Single-Photo 3D Reconstruction.Deep networks for generation of 3D models from a single photo fall into two groups: object-centered models  [12] and view-centered models  [2, 3, 6, 13]. Object-centered models  [12] reconstruct object 3D model in the same coordinate system for any camera pose with respect to the object. While the object-centered setting is generally easier in terms of data collection and model structure, most of the object-centered models fail to generalize to new object classes. The main reason for this is the absence of explicit reasoning about connections between object shape in the image and the reconstructed 3D shape.

View-centered models  [1, 3, 13,14,15] overcome this problem using paired datasets. Such datasets include a separate 3D model in the camera coordinate system for each image. The collection of view-centered 3D shape datasets is challenging as the camera pose must be recovered for each image. Still, explicit coding of the camera pose in the dataset al.lows a model to learn complicated 2D-to-3D reconstruction techniques. Hence, view-centered models are generally more robust to new object classes and backgrounds  [13].
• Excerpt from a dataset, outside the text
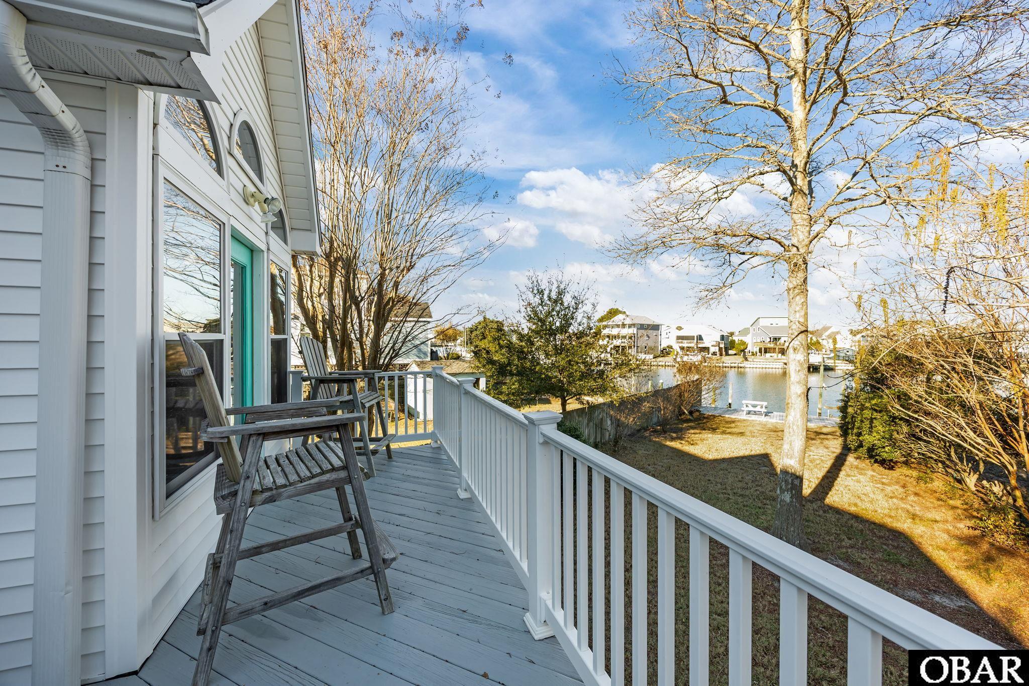 Charming 3BR/2.5BA cape cod with bonus space in the heart of Colington Harbour. Enjoy the best of the Albemarle Sound right from your backyard in this canal-front oasis. A welcoming covered outdoor lounge with new decking sets the stage for relaxing or entertaining, while newer Trex steps provide easy access from the yard to the main living level. Expansive decks provide great water views, along the Frigate canal. The bulkheaded deep backyard space means plenty of room for games, boating, kayaking, fishing, crabbing, picnicking waterside and more. As you enter the ground level you are greeted by an impressive bonus space—perfect as a man cave, game room, or entertainment area—complete with a convenient half bath, custom built-in bar, and plenty of room to gather and watch the big game. Upstairs, the spacious kitchen offers ceramic tile flooring, desirable island, and abundant cabinet space. Sip your morning tea and watch the sunrise from the warm and inviting Florida room highlighted by beautiful hardwood floors, then gather with family and friends in the bright, open living area. Just past the kitchen is the cozy primary bedroom, featuring generous closet space. A renovated full bath with laundry closet complete this level. The top floor features two additional bedrooms and a recently updated full bath. Upgrades include an Ecobee smart thermostat (2025), Trex rear deck steps (2025), dishwasher (2025), and water heater (2023). Residents of Colington Harbour enjoy outstanding community amenities, including a pool, marina, tennis courts, and a sound-front beach known for its stunning sunsets. Come experience the salt life firsthand!

Multi-view models  [13, 14, 16,17,18] leverage multiple images of a single object to improve 3D reconstruction accuracy. Related to our semantic frustum voxel models are projective convolutional networks (PCN)  [14] that use view-centered frame projection for 3D model reconstruction and segmentation from multiple images. Unlike PCN, our SSZ model uses a view-centered frame during the training time. Closely related to our Pose6DoF discriminator is geometric adversarial loss (GAL)  [19] focused on the consistency of reconstructed 3D shapes. Unlike the GAL, our pose adversarial loss function is designed for multiple objects and focused on the scene structure.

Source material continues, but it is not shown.